Notification no. 92/2012-Customs (NT) dated 05.10.2012
Notification no. 98/2013-Customs (NT) dated 14.09.2013
Notification no. 110/2014-Customs (NT) dated 17.11.2014
Notification no. 110/2015-Customs (NT) dated 16.11.2015
Copies are available at www.cbec.gov.in

(c) A description of the practical implementation of the programme with the Customs
authorities. Describe all the documents which are kept by the national and local Customs
authorities.

Response:
The Duty Drawback on export goods is claimed at the time of export and with details filled
in the required format in the Shipping Bill/Bill of Export under Drawback. In case of
exports under electronic Shipping Bill, the Shipping Bill itself is treated as the claim for
Drawback. In case of manual shipping bill, triplicate copy of the Shipping Bill is treated as
the claim for Drawback. The claim is to be accompanied by specified documents as laid
down in the Drawback Rules 1995. If the requisite documents are not furnished or there is
any deficiency, the claim may be returned for furnishing requisite information/documents.

Once the Export General Manifest (EGM) has been filed by respective airlines / shipping
lines and the export is confirmed, the Drawback claim is automatically processed through
EDI system by the officers of Drawback Branch on first-come first-served basis. The status
of the Shipping Bills and sanction of Drawback claim can be ascertained from the query
counter set up at the Service Centre. If any query is raised or deficiency noticed, the
exporters are required to reply to such queries through the Service Centre. All the claims
sanctioned on a particular day are enumerated in a scroll and transferred to the Bank
through the system.

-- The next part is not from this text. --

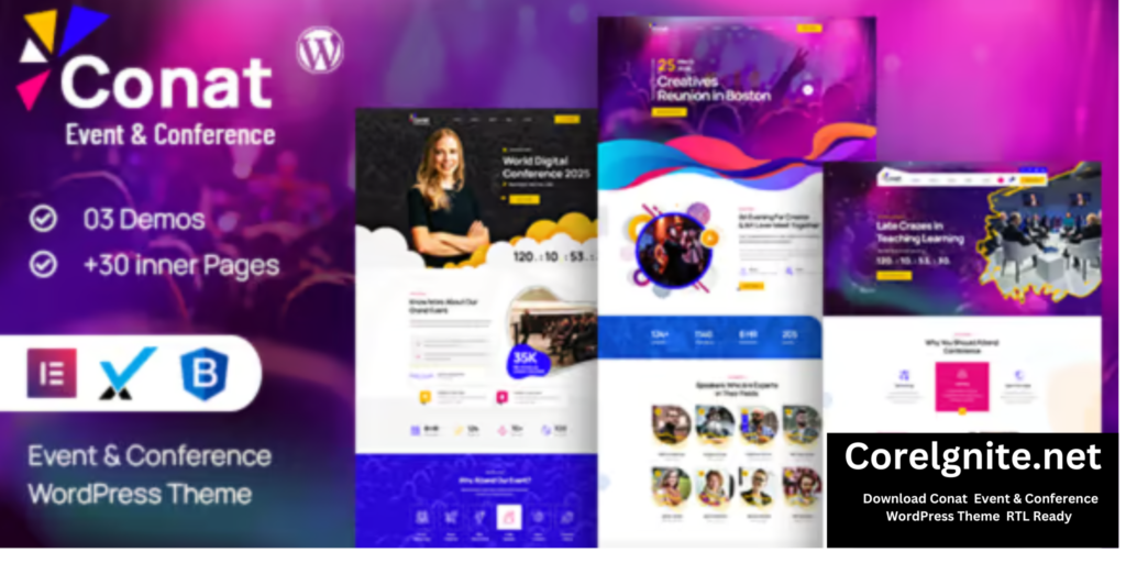 Whether you need the GPL version, the latest release, or other updates, Conat – Event & Conference WordPress Theme + RTL Ready is the ideal choice for building your event or conference website. Download it today from our platform and enhance your WordPress site.

The bank credits the drawback amount in the respective accounts of
the exporters.

In respect of EDI shipping bills, all record is available electronically in Central database.
The manual record is kept at individual Customs location. Details of records kept by
Companies may be obtained from them.

(d) The following information with regard to the company under investigation:
Name of the company.
Has the company used the DDS on a post-export basis during the RIP?
Through which Customs House(s) has the company used the DDS?
The total amount of DDS credit granted during the RIP to offset customs duties.
The total amount of DDS credit used during the RIP to offset customs duties.
Please provide a list of all licences granted to the company.
Has the company paid application fees? If so, provide the amounts

Response:
There is no license involved in DDS. This is rebate of duties/taxes extended directly in bank
account of exporter. Annexed here as Annexure 9 are details of AIR duty drawback claimed
by various companies (companies under investigation/mandatory respondents) under
investigation for exports under EDI shipping bills. Those exporters who do not appear in
the data attached appear to have not claimed AIR drawback under EDI shipping bills.